[[ Available data, beginning ]]

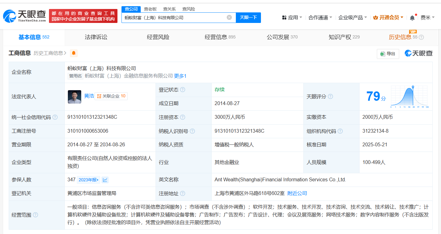 该公司成立于2014年8月,法定代表人为黄浩,注册资本3000万人民币,由蚂蚁集团旗下上海云进信息技术有限公司全资持股。公开资料显示,该公司是蚂蚁金服旗下的一站式智慧理财平台,与支付宝、余额宝、招财宝等同为蚂蚁金服旗下的业务板块。
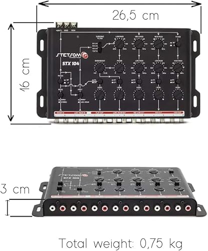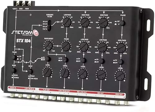 KIT SET PER STETSON STX104 1 crossover elettronico a 5 vie, equalizzatore, 4 ingressi, 5 uscite, con bass boost e subsonic filter, per auto, 1 pezzo
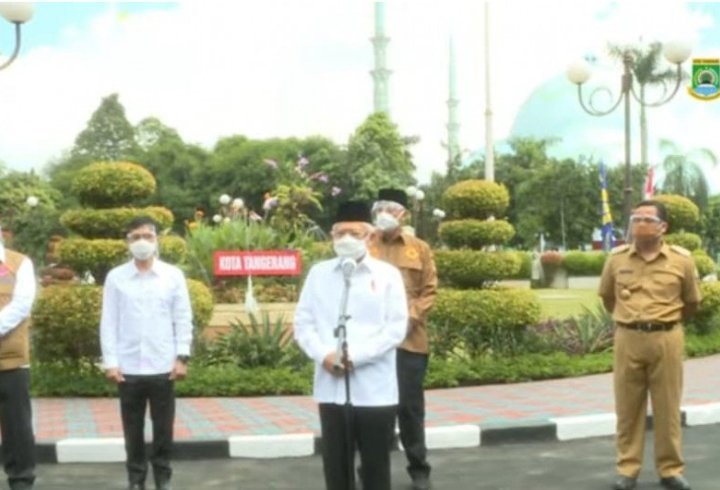 “Pak Gubernur kemarin saya pergi ke wilayah Tangerang dan banyak warga tak menggunakan masker. Ini harus digalakkan penerapan protokol kesehatan,” kata Wapres kepada Gubernur Banten Wahidin Halim yang berdiri di belakangnya.

[[ Available data, end ]]

Work required
What is needed is a word-for-word copy of the lines from the start of the data to the line with "KIT SET PER", inclusive, with no pictures in it.

Expected output
 该公司成立于2014年8月,法定代表人为黄浩,注册资本3000万人民币,由蚂蚁集团旗下上海云进信息技术有限公司全资持股。公开资料显示,该公司是蚂蚁金服旗下的一站式智慧理财平台,与支付宝、余额宝、招财宝等同为蚂蚁金服旗下的业务板块。
 KIT SET PER STETSON STX104 1 crossover elettronico a 5 vie, equalizzatore, 4 ingressi, 5 uscite, con bass boost e subsonic filter, per auto, 1 pezzo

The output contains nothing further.